* **TASK ITEM**
Exact copy, no pictures: repeat the data that follows.

* **DATA**
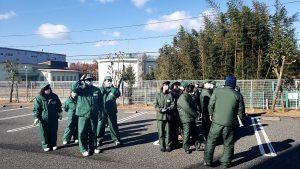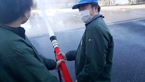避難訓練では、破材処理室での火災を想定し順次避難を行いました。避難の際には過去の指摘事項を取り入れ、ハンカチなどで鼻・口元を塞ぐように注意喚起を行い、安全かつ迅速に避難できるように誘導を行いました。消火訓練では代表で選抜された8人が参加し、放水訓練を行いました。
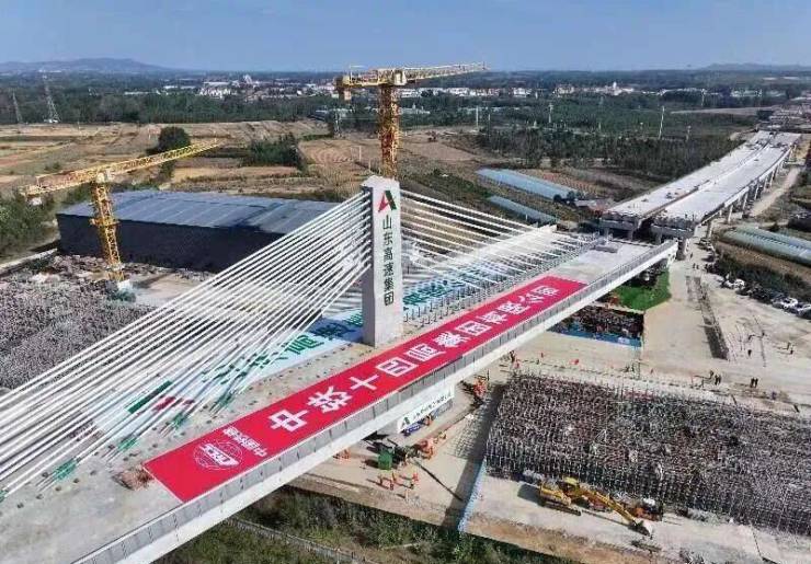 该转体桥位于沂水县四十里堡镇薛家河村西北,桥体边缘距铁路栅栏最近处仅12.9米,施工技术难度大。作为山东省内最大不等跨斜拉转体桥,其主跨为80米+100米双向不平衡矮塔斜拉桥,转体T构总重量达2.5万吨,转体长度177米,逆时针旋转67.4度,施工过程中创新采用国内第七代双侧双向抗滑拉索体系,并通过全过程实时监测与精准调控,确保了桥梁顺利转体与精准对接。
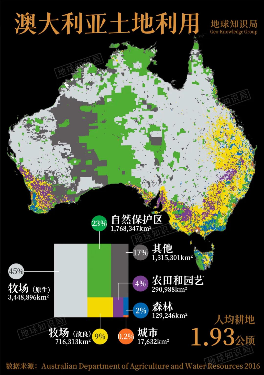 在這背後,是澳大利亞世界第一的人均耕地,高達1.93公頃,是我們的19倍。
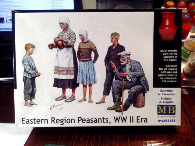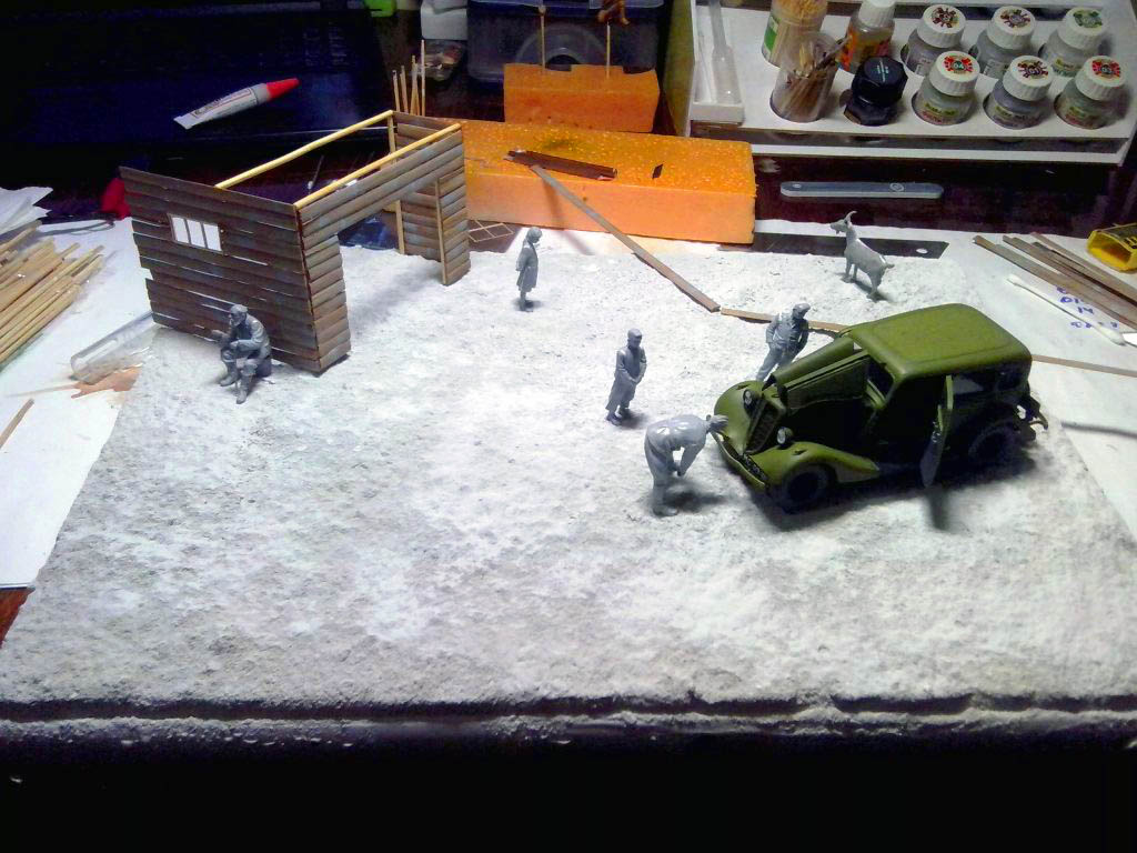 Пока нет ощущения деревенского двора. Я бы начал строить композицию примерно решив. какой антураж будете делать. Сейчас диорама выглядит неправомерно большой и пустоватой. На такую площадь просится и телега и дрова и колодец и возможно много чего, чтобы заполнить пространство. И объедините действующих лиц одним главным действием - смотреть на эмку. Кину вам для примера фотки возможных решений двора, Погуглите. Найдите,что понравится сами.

* **RESPONSE AREA**
避難訓練では、破材処理室での火災を想定し順次避難を行いました。避難の際には過去の指摘事項を取り入れ、ハンカチなどで鼻・口元を塞ぐように注意喚起を行い、安全かつ迅速に避難できるように誘導を行いました。消火訓練では代表で選抜された8人が参加し、放水訓練を行いました。
 该转体桥位于沂水县四十里堡镇薛家河村西北,桥体边缘距铁路栅栏最近处仅12.9米,施工技术难度大。作为山东省内最大不等跨斜拉转体桥,其主跨为80米+100米双向不平衡矮塔斜拉桥,转体T构总重量达2.5万吨,转体长度177米,逆时针旋转67.4度,施工过程中创新采用国内第七代双侧双向抗滑拉索体系,并通过全过程实时监测与精准调控,确保了桥梁顺利转体与精准对接。
 在這背後,是澳大利亞世界第一的人均耕地,高達1.93公頃,是我們的19倍。
 Пока нет ощущения деревенского двора. Я бы начал строить композицию примерно решив. какой антураж будете делать. Сейчас диорама выглядит неправомерно большой и пустоватой. На такую площадь просится и телега и дрова и колодец и возможно много чего, чтобы заполнить пространство. И объедините действующих лиц одним главным действием - смотреть на эмку. Кину вам для примера фотки возможных решений двора, Погуглите. Найдите,что понравится сами.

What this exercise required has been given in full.